Pension Choice

Has anybody got a ballpark figure for how much I wuold get as a lump sum if I withdrew it all when Im 55. Its a bit of an ambiguous question but I have never dealt with pensions before, only paid into them. And when I say ballpark I mean would I get a £5k or £100k? I have no idea. Ive worked for approx 35 years in IT and paid all my contributions.
If you’re doing that you’ll need a Financial Adviser. You must have pension statements. It’ll be in there somewhere. Probably not with the headline figures but hidden away on one of the pages at the back.

As stated you should not withdraw it all as cash but invest it.

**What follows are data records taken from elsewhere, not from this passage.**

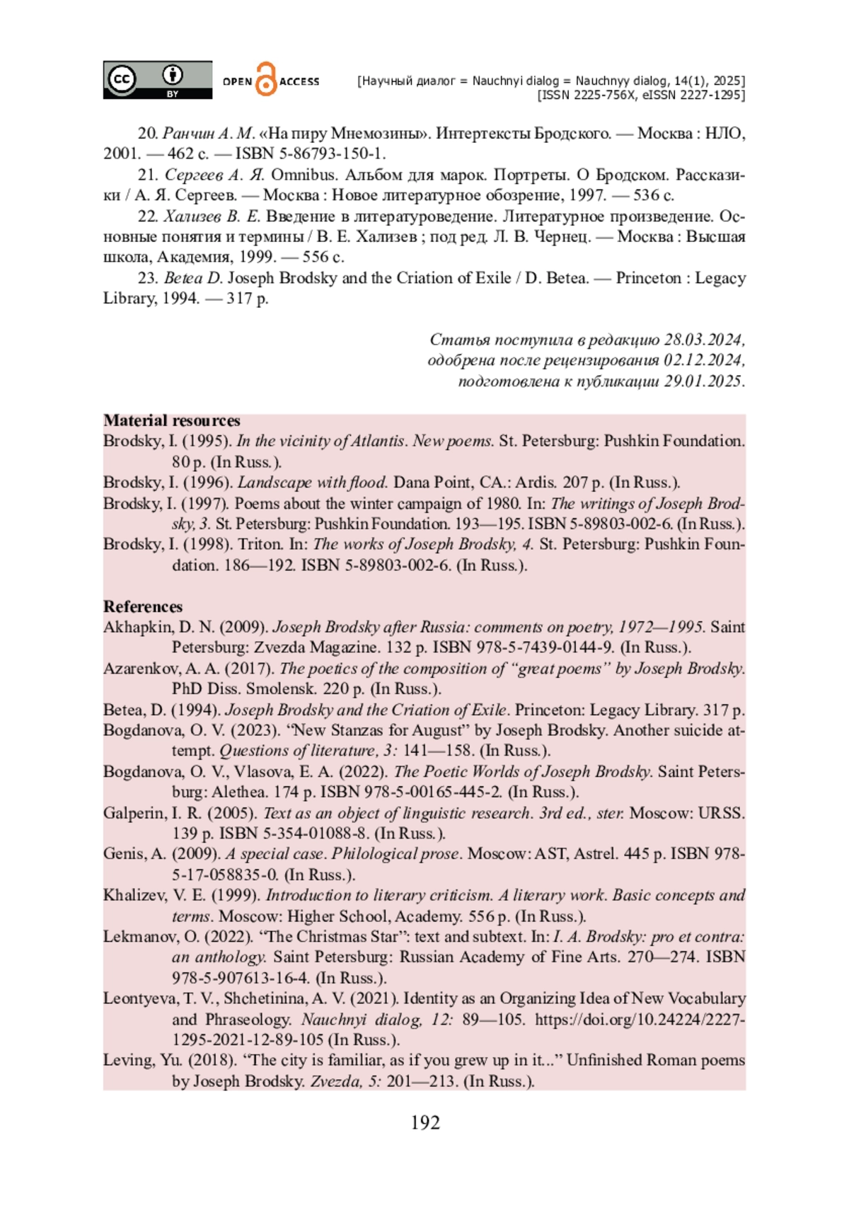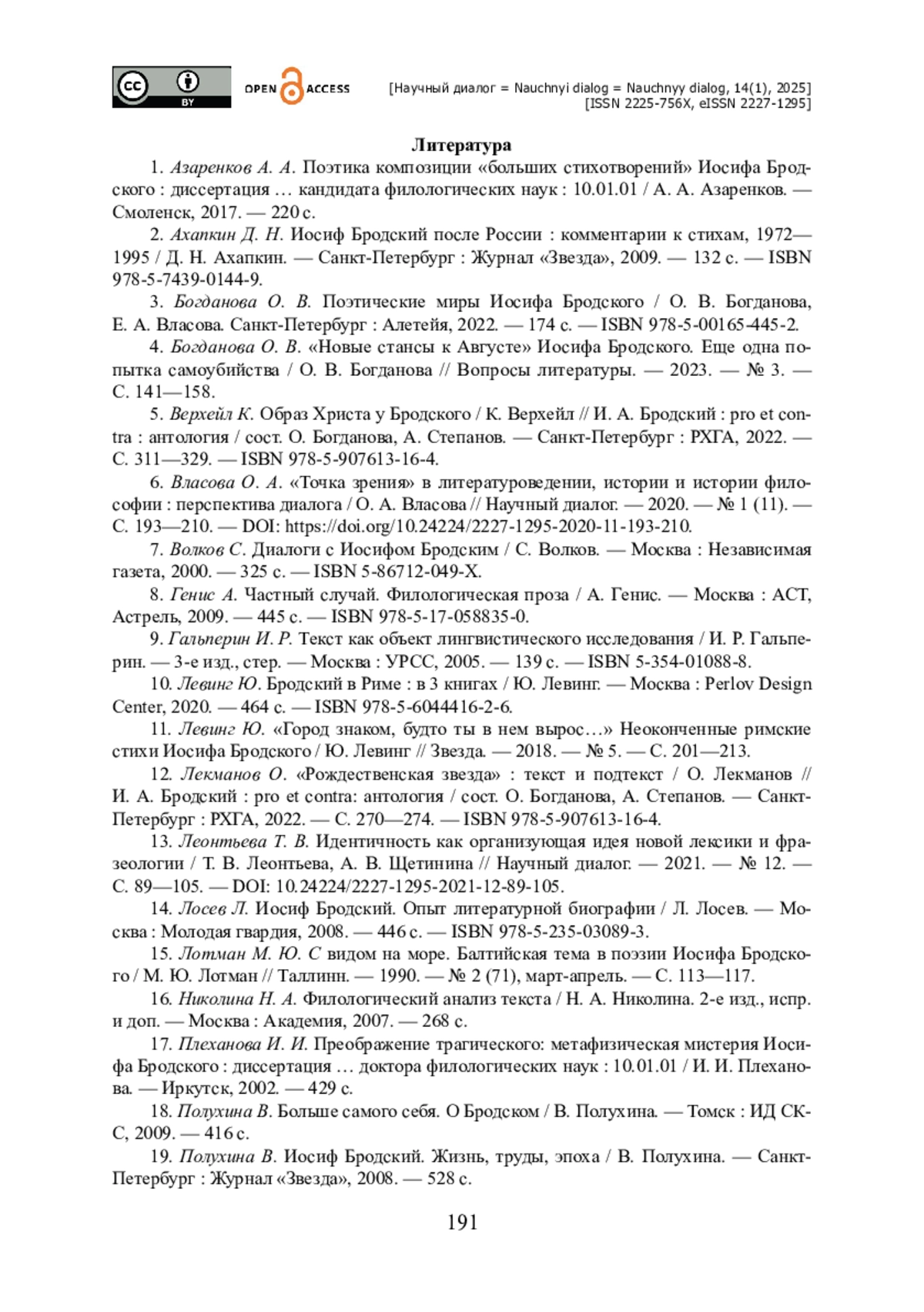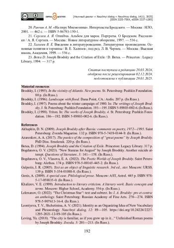 7. Богданова О. В. Поэтические миры Иосифа Бродского / О. В. Богданова, Е. А. Власова. Санкт-Петербург : Алетейя, 2022. - 174 с. - ISBN 978-5-00165-445-2.
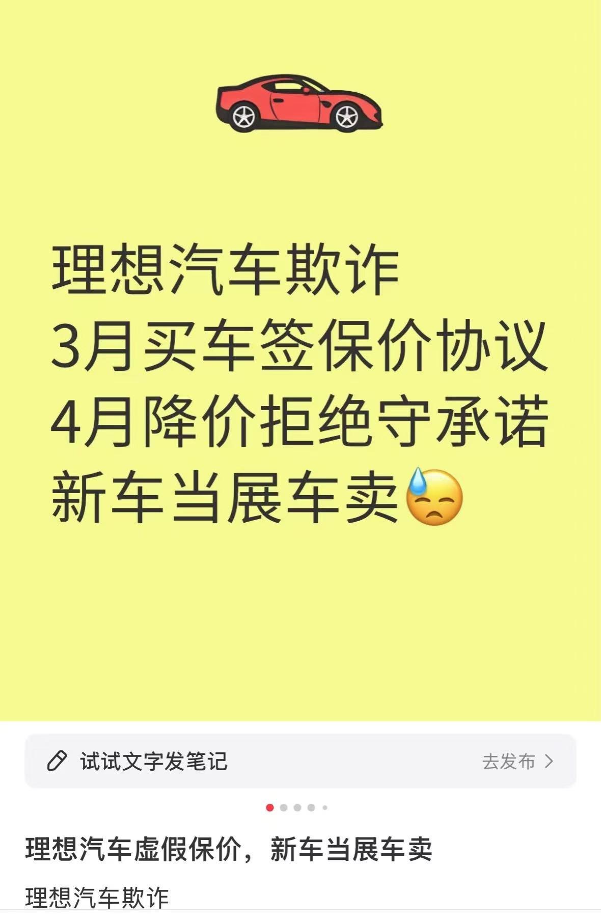 另一位车主对于理想汽车的这种行为表示“为的就是我们买的时候有保价协议,怕有人闹。”
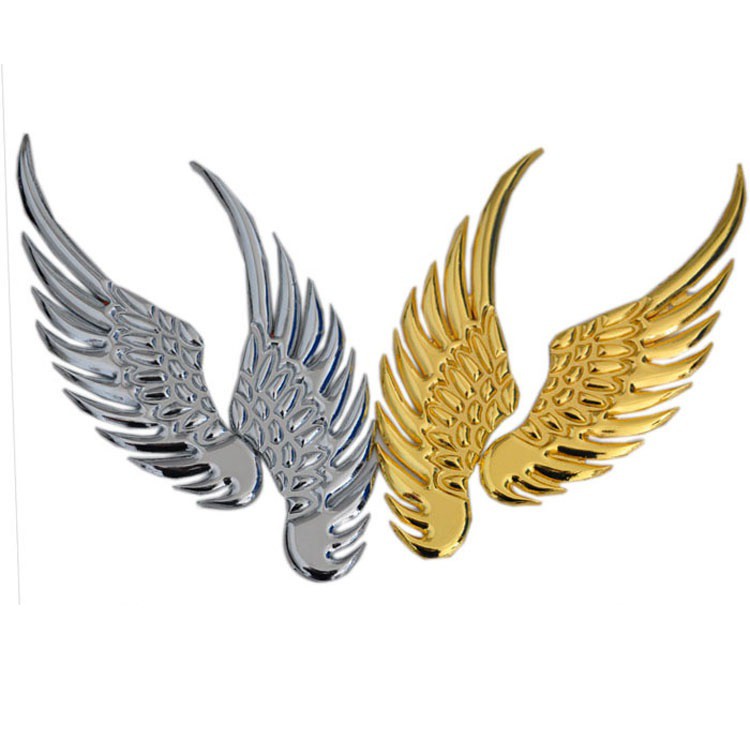 Tem Dán Trang Trí Xe Hơi Hình Đôi Cánh Thiên Thần 3D Ô Tô Decal Bằng Hợp Kim Kẽm Bạc Vàng
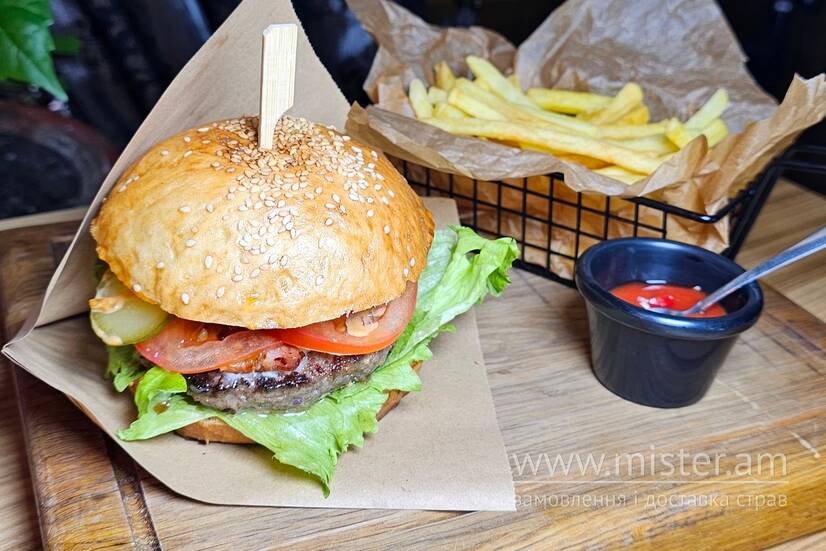 Ситний бургер з запашною булочкою власного виробництва, з соковитою котлетою з яловичини, сиром чеддер, овочами та зеленню. Подається з картоплею фрі та червоним соусом.
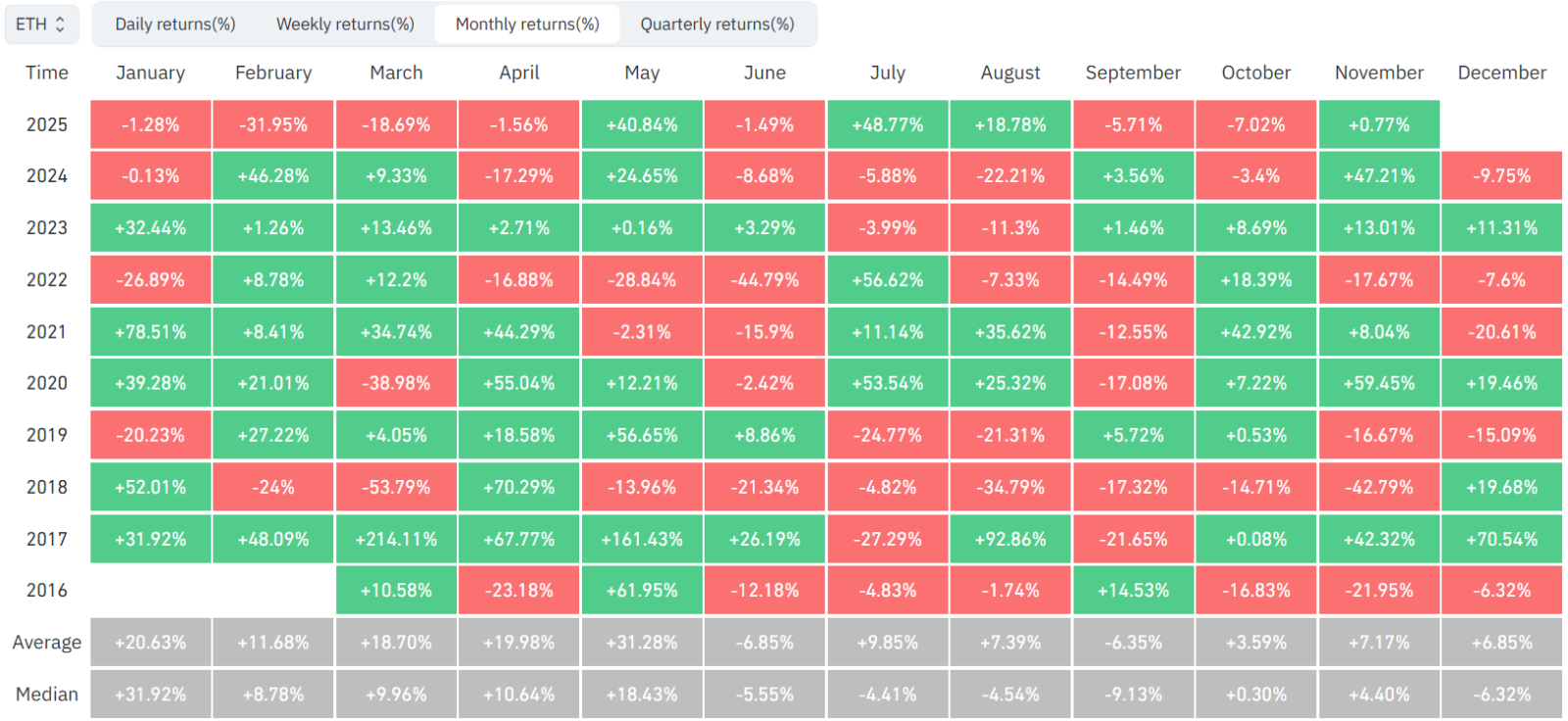 Октябрь 2025 года был плохим месяцем для криптовалют с крупнейшей капитализацией: Биткойн и Эфириум завершили его падением. По данным CoinGlass, цена Биткойна снизилась на 3,7%, а цена Ethereum снизилась на 7%.
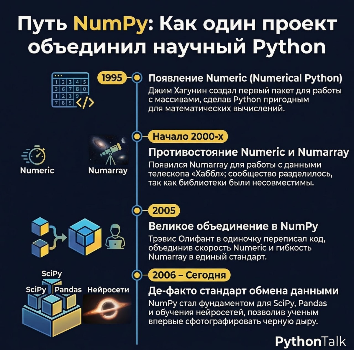 🔭 Сейчас вы пишете import numpy as np на автомате, даже не задумываясь, что за этой строчкой стоит опенсорс-драма, которая могла похоронить Питон как язык для Data Science еще в зародыше. Если бы в начале нулевых всё пошло по другому сценарию, сегодня мы бы грустно ворочали тензоры в R или мучились с плюсами. В 1995 году Джим Хагунин написал Numeric — первый вменяемый C-экстеншн для работы с многомерными массивами. До него Python в математике был просто медленным скриптовым языком. Но Numeric отвратительно справлялся с большими файлами. Это стало критичной проблемой для разработчиков, которым нужно было процессить гигантские снимки с «Хаббла». Ребята не стали контрибьютить в Numeric, а написали свой инструмент — Numarray. Он круто работал с гигантскими объемами данных телескопа, но безбожно сливал по производительности на мелких массивах. ⛓️💥 Итог: классический опенсорсный раскол экосистемы. Часть пакетов жестко зависела от Numeric, часть — от Numarray. Скрестить их в одном пайп

If it was 100k you would get £25k tax free and pay top rate tax on £75k so you’d lose around half of £75k. Putting into investments you can draw what you need and manage your tax each year and hopefully keep the capital if we get out of this mess!
 
This year is bad if your retiring but next year will be even worse because you won’t have time to recoup what you have lost this year.
 
Has anybody got a ballpark figure for how much I wuold get as a lump sum if I withdrew it all when Im 55. Its a bit of an ambiguous question but I have never dealt with pensions before, only paid into them. And when I say ballpark I mean would I get a £5k or £100k? I have no idea. Ive worked for approx 35 years in IT and paid all my contributions.
If it’s a DB pension the value is normally 20 times the yearly income.

So if it’s say worth 20k at retirement, the actual value of the pension will be around 400k of which you can take 25% tax free so 100k. The only sting is that if you have a retirement age of 65 and you take it early you will lose quite a lot.

It’s worth checking what your retirement age is as I had a nice surprise to find one of my final salary pensions when I worked in academia has a bizarre retirement of 62.5Yrs.

Normally DB schemes are based on 80ths or if you are lucky 60ths. A full final salary pension would be either 40/60 or 40/80. So based on the fact you’ve paid in 35yrs, taking it 10yrs early would reduce the fund to either 25/60 or 30/80.

So as a ballpark you will lose 5% for every year early you take your pension for one based on 80ths and slightly less for one based on 60ths.

For DC schemes it all depends on investment performance which pretty much across the board, most pensions have taken a hammering since the war in Ukraine kicked off. I know I’ve lost around 15% but I’ve got plenty of time to make it back by just purchasing shares whilst they are devalued and waiting for the inevitable recovery over then next 10 yrs.
 
Also unfunded public sector DB pensions like teachers or NHS cannot be withdrawn.
 
Simple probably dumb question

I pay in a automatic pension for my work

Can i just stop this ? and rejoin say in a years time ?
 
Simple probably dumb question

I pay in a automatic pension for my work

Can i just stop this ? and rejoin say in a years time ?
Just contact your payroll and tell them you want to opt out. I think it may automatically enrol you every year though.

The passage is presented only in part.